Development repository for the Triton language and compiler
MIT License
80 stars 23 forks source link

Autotune matrix_instr_nonkdim #499

Closed htyu closed 5 months ago

htyu commented 5 months ago

Adding matrix_instr_nonkdim to the autotune configs to enable tuning with different mfma shapes.

zhanglx13 commented 5 months ago

@htyu Why do you need to add matrix_instr_nonkdim to the autotuner? Is adding it here like waves_per_eu not enough?

htyu commented 5 months ago

@htyu Why do you need to add matrix_instr_nonkdim to the autotuner? Is adding it here like waves_per_eu not enough?

Oh, I didn't know about waves_per_eu.

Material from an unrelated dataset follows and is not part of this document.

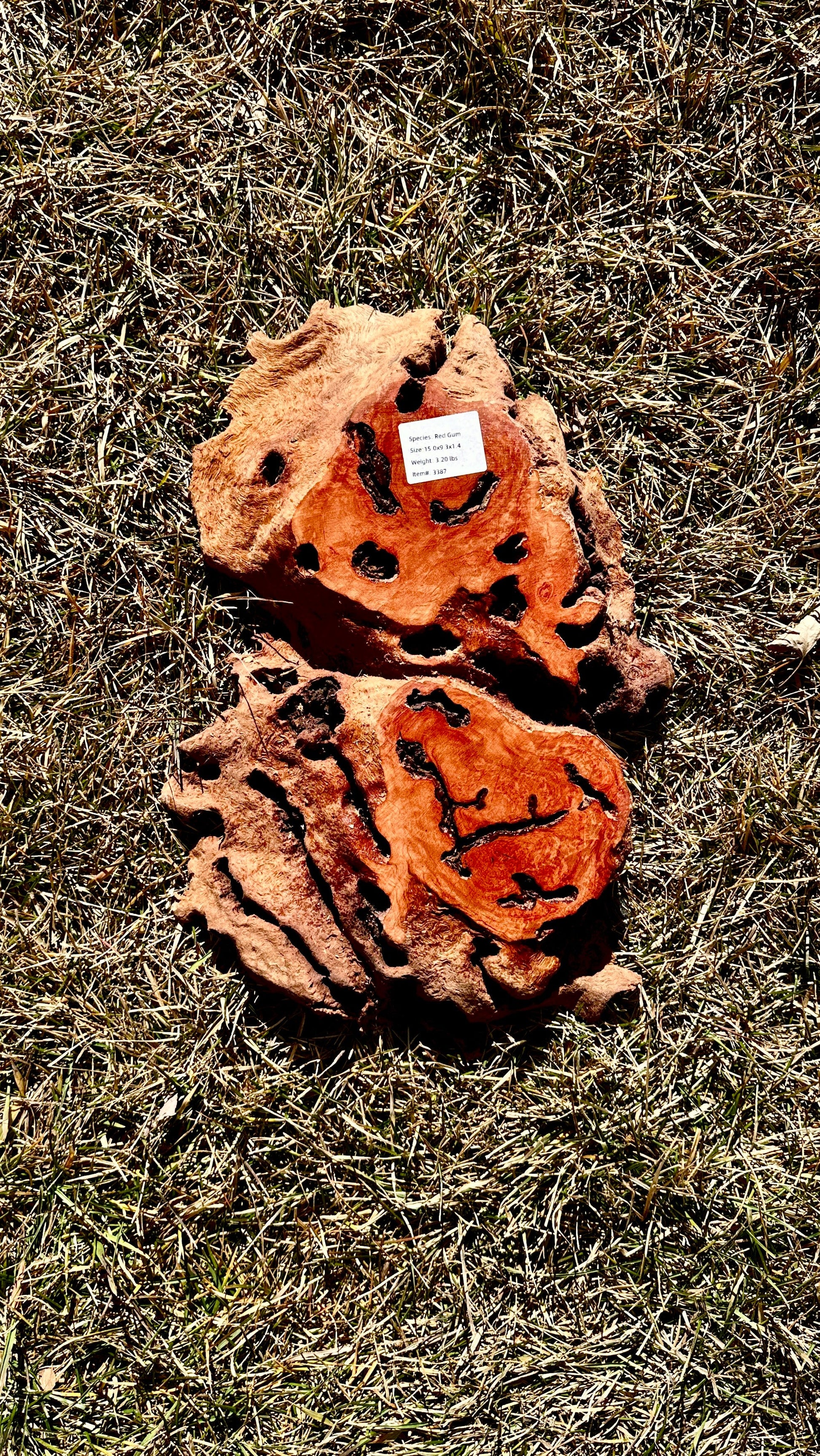 Premium Highly Figured Red Gum Burl Small Full Size: 1@15"x9.3"x1.4"

What does it do? We basically want to use the 16x16 mfma instruction instead of the default 32x32 one. Can it be achieved by tuning waves_per_eu?

zhanglx13 commented 5 months ago

@htyu waves_per_eu has nothing to do with matrix_instr_nonkdim. I referred to it because you can use matrix_instr_nonkdim (add it to kernel arg and tuning) in the same way as waves_per_eu. So there is no need to add it to the autotuner.

htyu commented 5 months ago

@htyu waves_per_eu has nothing to do with matrix_instr_nonkdim. I referred to it because you can use matrix_instr_nonkdim (add it to kernel arg and tuning) in the same way as waves_per_eu. So there is no need to add it to the autotuner.

I see. That also works. Thanks!